Other revenue. Other revenue decreased to $4,000 for the three months
ended June 30, 2004 from $159,000 for the three months ended June 30, 2003. This
decrease was primarily due to our decision not to pursue certain consulting
projects and consulting services to third parties during 2004.

Cost of subscriber airtime. Cost of subscriber airtime increased 60%,
to $739,000 for the three months ended June 30, 2004 from $463,000 for the three
months ended June 30, 2003. This increase was primarily due to the recording of
one-time reductions of accruals during the three months ended June 30, 2003 for
certain subscriber-related costs recorded in prior periods. We expect the number
of our subscribers to remain relatively constant to levels at June 30, 2004 as
we continue to improve our subscriber profile, which we expect will result in
comparable costs.

Cost of network operations. Cost of network operations decreased to
$155,000 for the three months ended June 30, 2004 from $584,000 for the three
months ended June 30, 2003. This reduction reflects our recent consolidation of
our Go.Web and WyndTell production systems into a single data center operated by
a third party provider.

Cost of equipment revenue. Cost of equipment revenue decreased 84%, to
$80,000 for the three months ended June 30, 2004 from $486,000 for the three
months ended June 30, 2003. This decrease primarily was due to lower sales of
mobile devices. In addition, during the second quarter of 2003 a non-cash
inventory charge of $200,000 was recorded to value a portion of our remaining
inventory at the lower of cost or market. We expect cost of equipment revenue to
increase slightly as we continue to provide devices to new subscribers of our
Wynd services.

Sales and marketing. Sales and marketing expenses decreased 52%, to
$209,000 for the three months ended June 30, 2004 from $437,000 for the three
months ended June 30, 2003. This decrease primarily was due to decreased
advertising and marketing activities, including advertising costs paid to third
parties and a decrease in salaries and benefits for personnel performing sales
and marketing activities. We expect sales and marketing expenses to increase as
a percentage of sales as we introduce new products and services to the consumer
marketplace.

General and administrative. General and administrative expenses
decreased 41%, to $1.3 million for the three months ended June 30, 2004 from
$2.2 million for the three months ended June 30, 2003. This decrease primarily
was due to decreased professional fees for infrastructure buildout and general
corporate activities, decreased salaries and benefits for personnel performing
business development and general corporate activities, amounts paid to third
parties for professional services, a decrease in our bad debt expense and
decreased facility costs. We expect general and administrative expenses to
decline slightly as a result of our consolidation of business operations.

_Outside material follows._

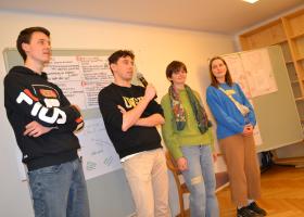 Eine Gruppe ehrenamtlicher MitarbeiterInnen aus verschiedenen Alters- und Berufsgruppen, engagiert sich beim sogenannten IMS - Integration macht Schule.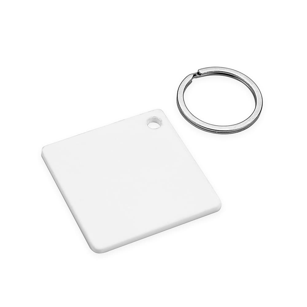 Chaveiro de acrílico em formato quadrado, frente, verso liso. Possui prendedor de plástico que conecta a argola metálica.

Research and development. Research and development expense decreased to
$117,000 for the three months ended June 30, 2004 from $381,000 for the three
months ended June 30, 2003. This decrease primarily was due to a reduction in
personnel performing research and development activities.

Amortization of other intangibles. Amortization of other intangibles
decreased to $183,000 for the three months ended June 30, 2004 from $322,000 for
the three months ended June 30, 2003.

Impairment of long-lived assets. During the second quarter of 2003, we
identified certain indicators of impairment including recent changes in the
Company's 2003 operating and cash flow forecasts, and changes in our strategic
plans for certain of our acquired businesses which required that we evaluate the

-11-


appropriateness of the carrying value of our long-lived assets, principally
goodwill recorded upon the acquisition of OutBack Resource Group, Inc.,
("Outback"). A write-down of goodwill totaling $193,000 was recorded during the
second quarter of 2003, reflecting the amount by which the carrying amount of
the respective reporting unit exceeded its respective fair value. In addition,
as a result of our recent strategic alliance with EarthLink, we evaluated the
carrying value of certain software and equipment, which were idled, upon our
most recent transition of certain activities to EarthLink. As a result of this
evaluation, during the second quarter of 2003, we wrote-off specific assets with
a carrying value of $1.1 million.

Gain on sale of subscribers. Gain on sale of subscribers resulted from
our comprehensive strategic alliance whereby EarthLink purchased all of the
Company's cellular digital packet data (CDPD) subscribers as well as certain of
the Company's Cingular and Motient network subscribers. As a result of this
agreement, we recorded a gain on the sale of subscribers of $565,000 during the
three months ended June 30, 2003.

Interest income. Interest income increased to $36,000 for the three
months ended June 30, 2004 from $3,000 for the three months ended June 30, 2003.

Six months ended June 30, 2004 Compared to Six months ended June 30, 2003

Subscriber revenue. Subscriber revenue decreased 38%, to $3.4 million
for the six months ended June 30, 2004 from $5.4 million for the six months
ended June 30, 2003. This decrease was primarily due to declines in higher ARPU
full service offering subscribers as part of our effort to improve the payment
profile of our subscriber base. Our subscriber base decreased to 64,332
subscribers at June 30, 2004 from 85,018 subscribers at June 30, 2003. Our ARPU
decreased to $8.55 for the six months ended June 30 2004 from $15.17 for the six
months ended June 30, 2003. The decline in ARPU was due to the payment profile
effort referenced above.

Equipment revenue. Equipment revenue decreased to $106,000 for the six
months ended June 30, 2004 from $651,000 for the six months ended June 30, 2003.
This decrease was primarily due to lower sales of mobile devices.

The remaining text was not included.